Really depends on the vehicle, some can get expensive, much more so if you're not doing the work yourself. Overall, unless major failures occur, maintenance costs are normally much lower than buying a new(er) one. Most people don't like dumping any money into an old vehicle because the value is low.


----------



## Longtimeago (Aug 8, 2018)

MrMatt said:


> Proper care? I'm in southern Ontario, I've got a 10 year old minivan, sure it has some rusty paint chips, but it isnt' like it's falling apart, and the Dodge Caravan isn't well known as a quality long lasting vehicle.
> I've found that somewhere between 7-10 years vehicles get "too expensive" to repair anyway.


I never understand how people can say it gets 'too expensive' to maintain a car at a given age. Our 14 year old Kia was still only costing us under $1000 per year to maintain. We decided to take advantage of current circumstances to change vehicles but there was no real financial justification for doing so. You can't buy a vehicle for under $1000 a year vs. maintain one. 

To me a car only becomes 'too expensive to repair' when something really major occurs like blowing an engine. One aspect that did impact our decision was the ability to buy parts. The manufacturers seem to stop making parts a lot sooner than they used to. When replacing the radiator on our Kia, our mechanic needed a rubber O ring for the heating manifold. When he tried to order one, he was told the part is no longer available, period. He had to find a workaround that I won't bother going into. 

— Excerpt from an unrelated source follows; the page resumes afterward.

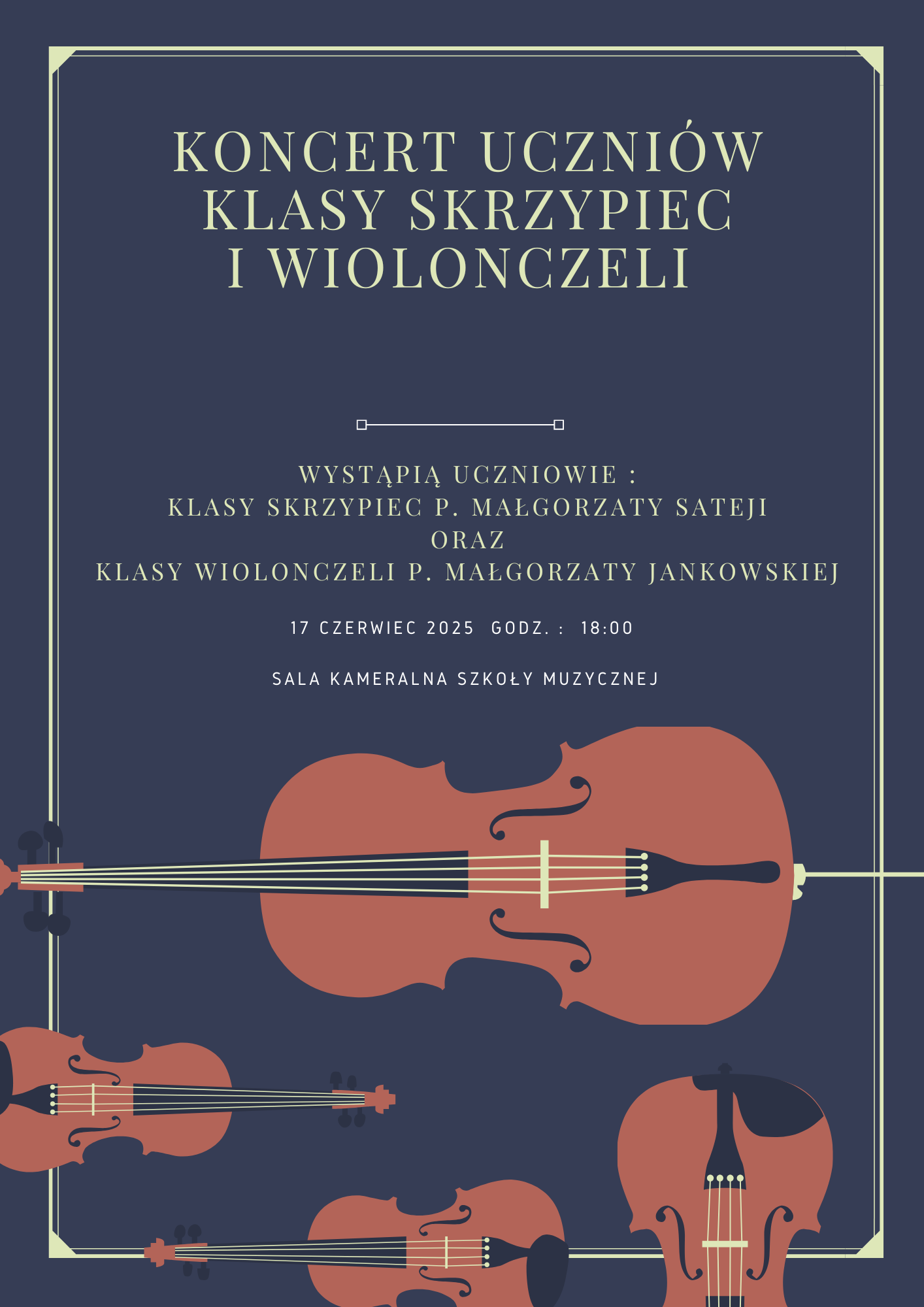 Dnia 17.06.2025 w sali kameralnej naszej szkoły odbył się koncert uczniów klasy wiolonczeli p. M.Jankowskiej i klasy skrzypiec p. M.Sateji który stanowił podsumowanie całorocznej pracy.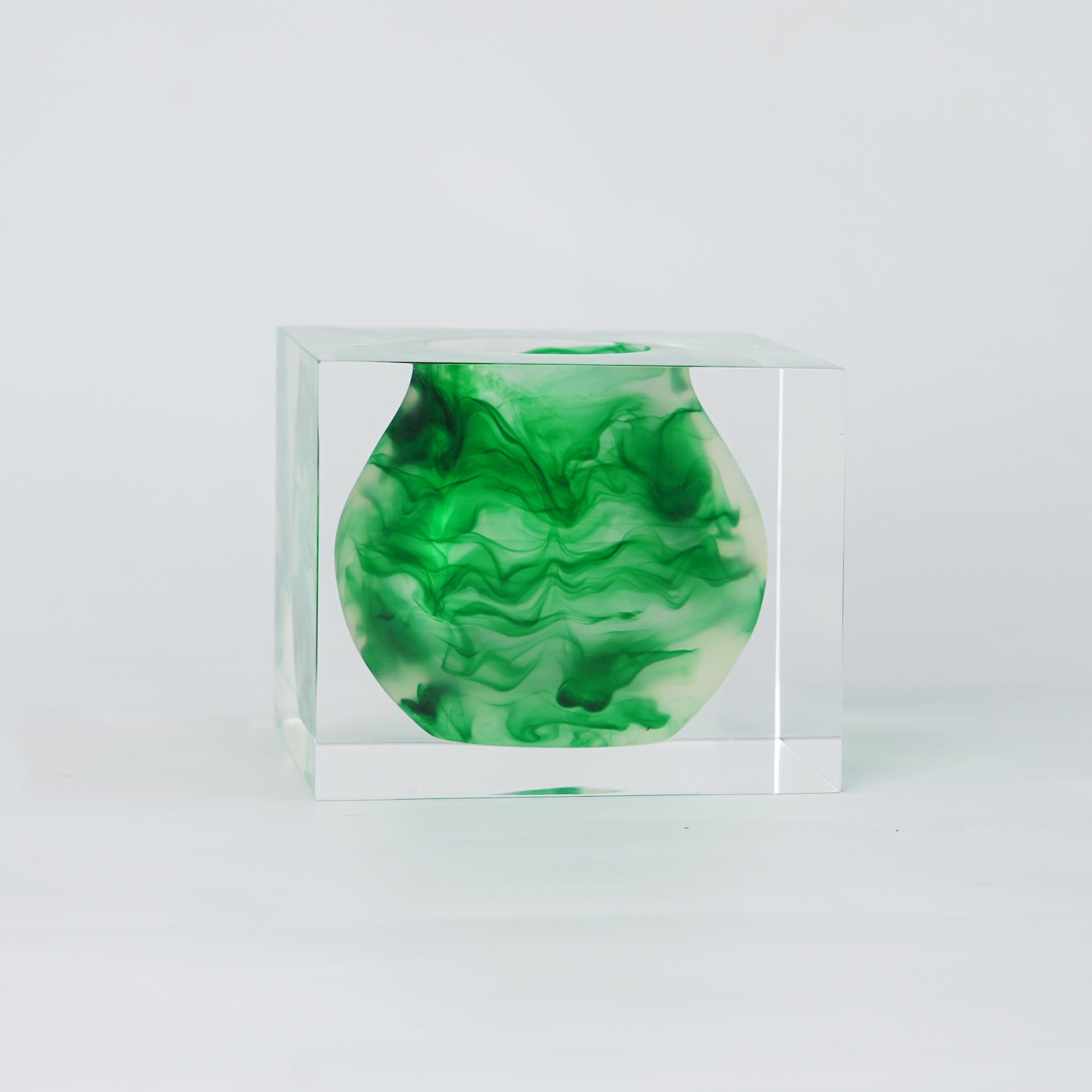 The classic bowl form adding Chinese hand painted patterns, encased in crystal-clear cube acrylic, preserving a moment of cultural artistry and creating timeless elegance to your space.

This unavailability of replacement parts is to me more significant than a repair being 'too expensive', it can make a repair impossible to do at all.


----------



## sags (May 15, 2010)

Most people don't fix their old cars. They just drive them until the wheels fall off.

When the MTO sets up vehicle inspections at service centers they keep the tow trucks very busy.

Unsafe vehicles is a big problem in Ontario, especially in the GTA area where many drivers don't have insurance either.

In one checkpoint inspection only 7 vehicles passed.


 7 passed


 7 failed


 4 plates were voluntarily terminated because the registered owner felt their vehicle would fail


 4 failed to show


 10 plates were removed after inspections revealed the vehicles were unsafe









Cracking down on unsafe vehicles


READ: 19 charges have been laid as a result of a joint collaboration between North Bay police and MTO focusing on vehicle fitness. Eric Taschner reports.



northernontario.ctvnews.ca





It is even worse for commercial vehicles.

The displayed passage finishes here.